Exceptions can be too general

This also explains why we should create subclasses from Exception instead of raising Exception itself everywhere in our program. Most exceptions are not equivalent and it will be easier for the consumers of your Python package to handle failure cases. So doing this would be fairly bad:

x = 0
if type(x) is not int:
    raise Exception("x should be int")
if x > 0:
    raise Exception("x should not be greater than 0")

How to repent?

So let’s fix the issues that we’ve outlined in the previous section. We’ve already covered catching KeyError but frankly if you are able to avoid try/except, do it.
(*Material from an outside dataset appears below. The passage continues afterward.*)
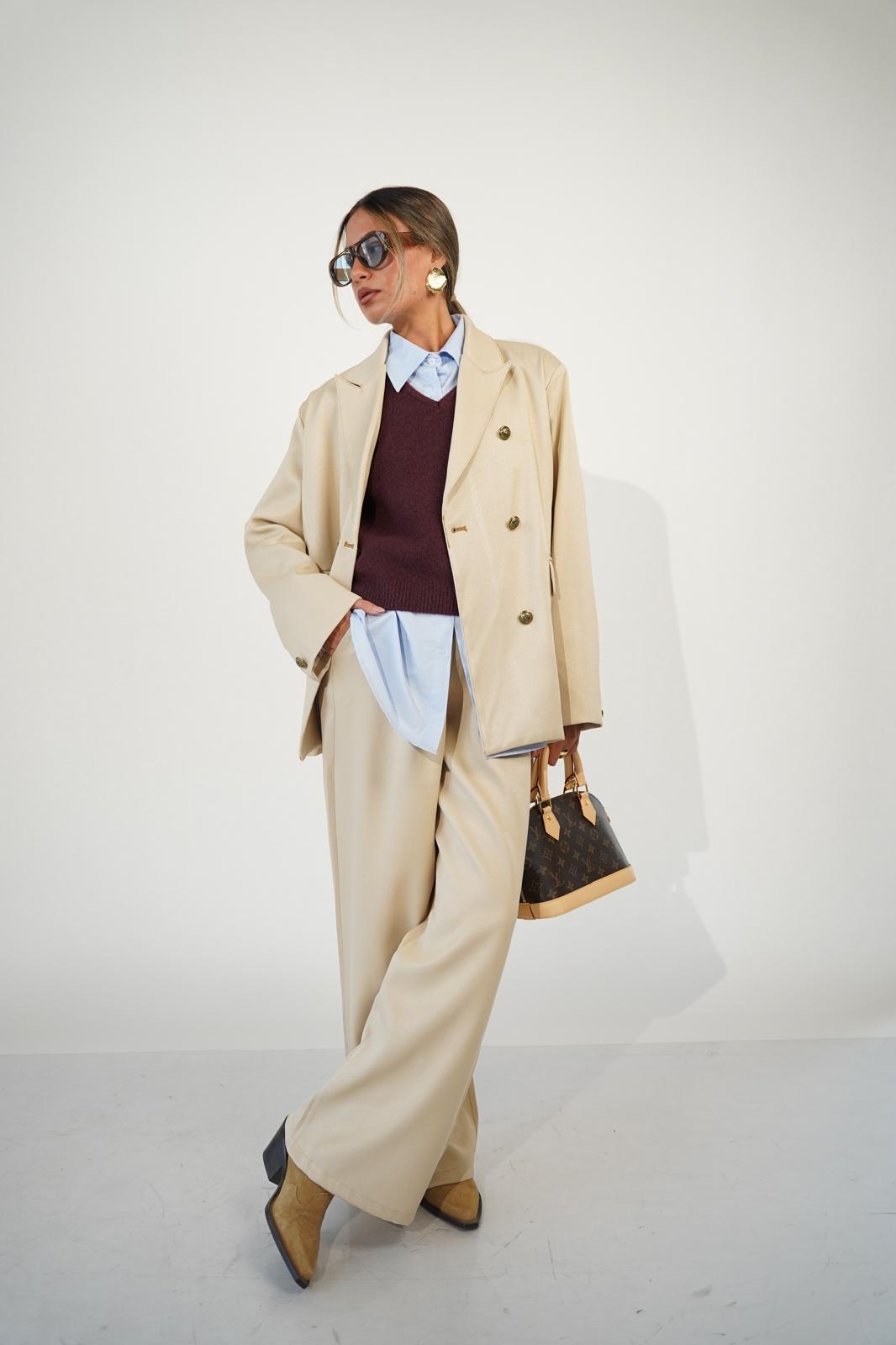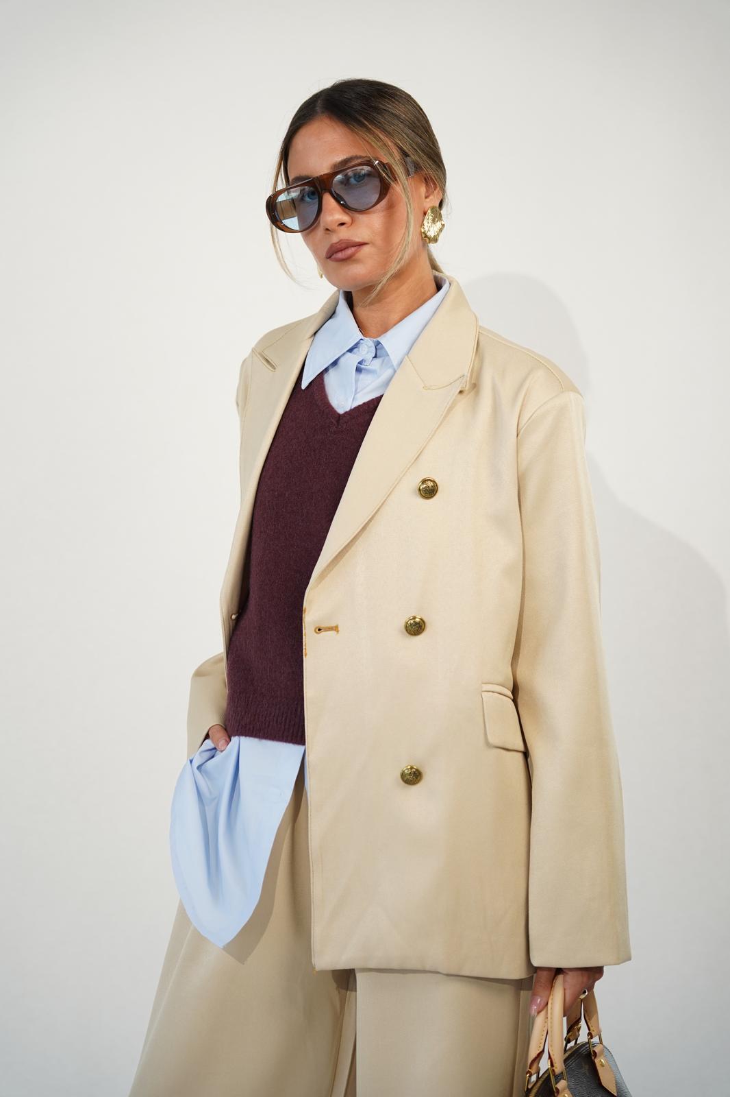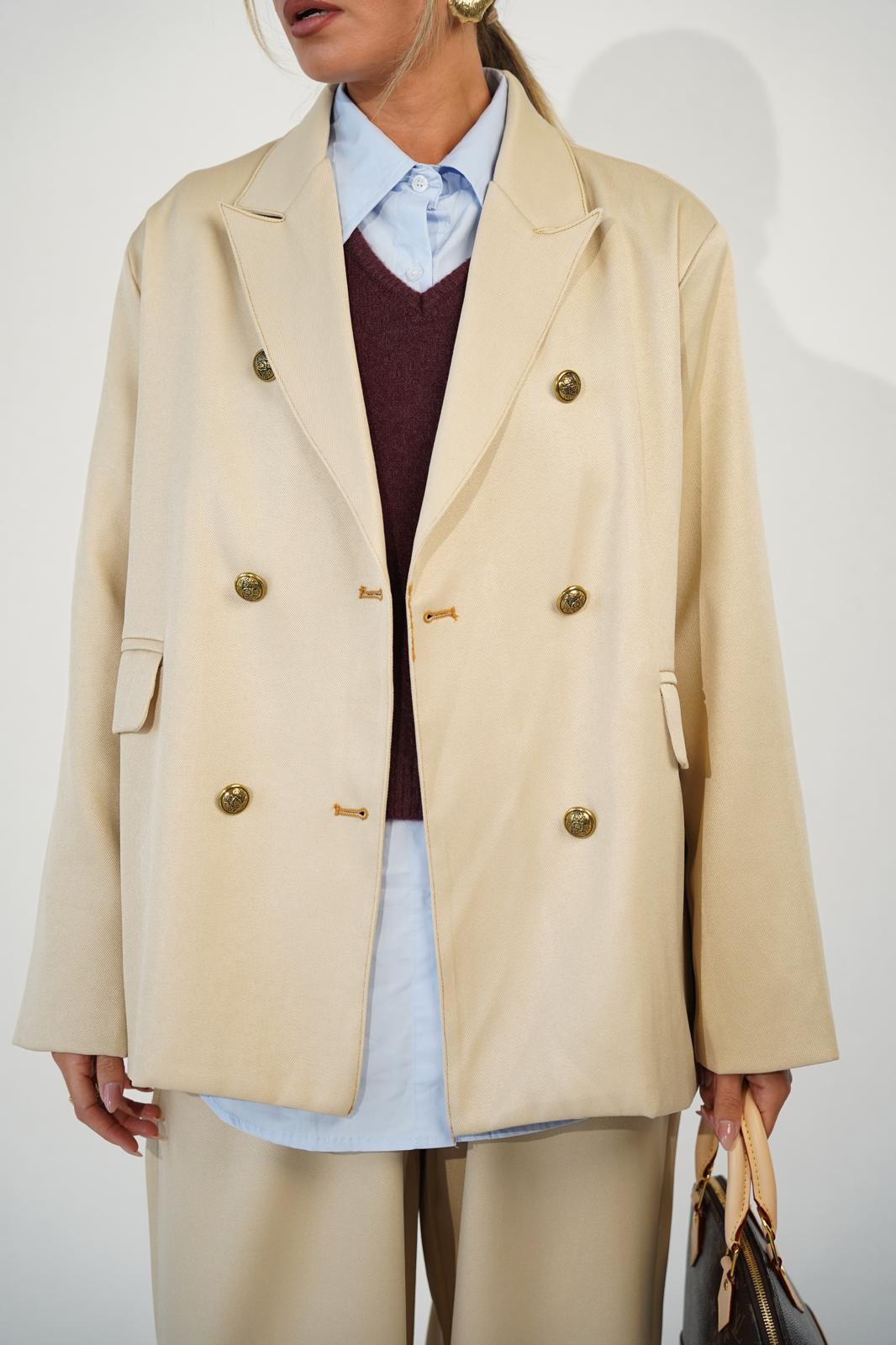 הג'קט עם תפרים מודגשים וכפתורים שמעטרים ועשירים את הג'קט.

In case of dictionary key access, it’s pretty easy:

if "sth" in some_dict.keys():
    print(some_dict["sth"])
else:
    print("No sth key in dict")

I like to call this pattern: check for values instead of catching errors. You should always try to cover all possibilities when working with something that might fail. Languages with strong functional paradigms like Rust will usually enforce this with structural pattern matching. Python 3.10 has introduced pattern matching, so if you’re a fan of functional, you could express the same like this:

match some_dict:
    case {"sth": x}:
        print(x)
    case _:
        print("No sth key in dict")

I find pattern matching an absolutely brilliant option. Notice that in the example above I didn’t have to use .keys() and in at any point, I just told the interpreter to pattern-match a sub-dict of the some_dict and place the value into a variable named x.

Probably the cleanest solution is to use collections.defaultdict:

from collections import defaultdict
some_defaultdict = defaultdict(lambda: None, some_dict)
print(some_dict["sth"] or "No key sth in dict")

defaultdict behaves just like a normal dictionary but when it’s created you give it a function that will make a default value when a particular key is missing. I usually like to use it with lambda: None so that subsequently I can use the something or default idiom.

👉 Avoid try/except when you can unless you really have to handle an error and there is no way to check for a value without resorting to error handling.

Making exceptions more precise

So going one step further if you’re creating your own exception cases you should also make subclasses from the Exception class for each family of errors. The example that we used before in the previous section to demonstrate this should ideally be refactored as:

x = 0
if type(x) is not int:
    raise TypeError("x should be int")
if x > 0:
    raise ValueError("x should not be greater than 0")

TypeError and ValueError are already built-in error classes in Python which are a great option for generic errors when a wrong value or an improper type has been provided. But consider the following example:

if obj_a == obj_b:
    raise Exception("Objects should not be identical")

This one doesn’t really fit with ValueError or TypeError since it’s more about equality of two custom objects (assumming obj_a and obj_b exist). Instead we should define a custom Exception type and raise it:

class ObjectsIdenticalException(Exception):
    """Raised when two objects are identical"""
    pass


if obj_a == obj_b:
    raise ObjectsIdenticalException("Objects should not be identical")

This way any consumer of your package can decide to catch ObjectsIdenticalException just as we have caught KeyError for the dictionary keys instead of catching the most general Exception.